I’m going to try to make this post a weekly ritual, beginning with picture books from and about the state of Maine, way up north. With fifty states to travel to, by way of the best picture books I can find, this journey should take about a year.
Maine
- Motto: Dirigo/ I Lead
- Nickname: The Pine Tree State; The Vacation State
- State Flower: White Pine Cone and Tassel
- State Bird: Chickadee
Blueberries for Sal by Robert McCloskey. Viking, 1948. This first book is an old favorite. Wandering Sal meets a Mother Bear while the bee’s cub manages to follow Sal’s mother by mistake. “Little Bear and Little Sal’s mother and Little Sal and Little Bear’s mother were all mixed up with each other among the blueberries on Blueberry Hill.”
One Morning in Maine by Robert McCloskey. Viking, 1952. Sal again, but now she’s a big sister with a little sister named Jane, and Sal has a loose tooth, which makes her a big girl now. The day also holds a trip to the beach to dig clams and a trip to Buck’s Harbor and various other ups and downs as Sal shares with everyone she meets the story of her lost tooth.
Time of Wonder by Robert McCloskey. Viking, 1957. One summer on an island off the coast of Maine. “Out on the islands that poke their rocky shores above the waters of Penobscot Bay, you can watch the time of the world go by, from minute to minute, hour to hour, from day to day.”
The Finest Horse in Town by Jacqueline Briggs Martin. Illustrated by Susan Gaber. HarperCollins, 1992. This book is based on the stories that the author heard about her mother’s aunts who owned a dry goods store in a small town in Maine back in the early twentieth century. The story itself is fiction, what might have happened to the sisters and their wonderful horse.
Island Boy by Barbara Cooney. Viking Kestrel, 1988. Along with McCloskey, Barbara Cooney is probably the most well known Maine children’s author. Island Boy is about Matthias who lives Tibbets Island. Matthias is baby of twelve children, and although travels as a sailor and down the east coast, he finally comes back to Tibbets Island to live. Sad ending, but a wonderful family story.
Birdie’s Lighthouse by Deborah Hopkinson. Illustrated by Kimberly Bulcken Root. Aladdin, 1996. Bertha Holland tells the story in her journal of how she learned to help her papa keep the lights burning in the lighthouse on Turtle Island. Beautiful illustrations make the tale of Birdie’s bravery and diligence even more exciting.
The Stranded Whale by Jane Yolen. Illustrated by Melanie Cataldo. Candlewick, 2015. This lovely picture book, about some children who find a beached whale and try to save it, is really sad. Not for sensitive readers, but the story is realistic and as the author’s note in the back of the book says, “Beachings are always sad, . . . but the good news is that they don’t affect whale species as a whole.”
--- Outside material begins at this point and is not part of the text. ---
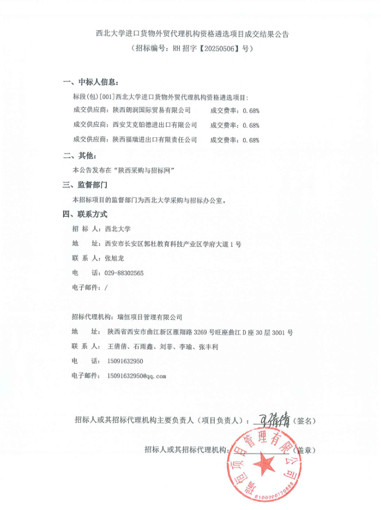 伟德国际1949始于英国进口货物外贸代理机构资格遴选项目成交结果公告

Surrounded by Sea: Life on a New England Fishing Island by Gail Gibbons. Holiday House, 1991. Does everyone in Maine live or at least summer on an island? This book presents life on a Maine island in a simple, factual manner. Not everyone’s cup of tea, but I like Gail Gibbons’ straightforward, just-the-facts style of writing.
The Circus Ship by Chris Van Dusen. Candlewick, 2009. Based on a true story, The Circus Ship is anything but just the facts, m’am. In rollicking, rhyming text, a ship carrying at least fifteen exotic circus animals is wrecked off the coast of Maine, and in Van Dusen’s story, the animals all swim to a nearby island (an island again!) and find a home among the village people there. It’s wildly imaginative, but still Maine-ish with white clapboard houses and New England-looking dress and signage.
I couldn’t find copies of these other three picture books about Maine that I found while researching online. If anyone knows about them and wants to recommend, please leave a comment. Or if you know of other picture books set in Maine that give a true flavor of the state, please share.
- Andre the Famous Harbor Seal by Fran Hodgkins. Illustrated by Yetti Frenkel. Down East Books, 2003.
- Lobsterman by Dahlov Ipcar. Down East Books, 1962.
- The Story of the Sea Glass by Anne Dodd. Illustrated by Mary Beth Owens. Down East Books, 1999.
Next Saturday: VERMONT
My children (and I) loved Barbara Cooney ‘ s Miss Rumphius.
We have Lobsterman; it is similar to Time of Wonder. It is a delightful book about a lobsterman and his son, telling about all the things that a lobsterman has to do when “fishing” and when not. The illustrations are black and white, tri-color, and full color, but they are prints.
There is series of alphabet books that cover all the states (and a lot of other places/things) by Sleeping Bear Press. We have a few of them, but not Maine. It is called L is for Lobster: A Maine Alphabet. We like the ones we have.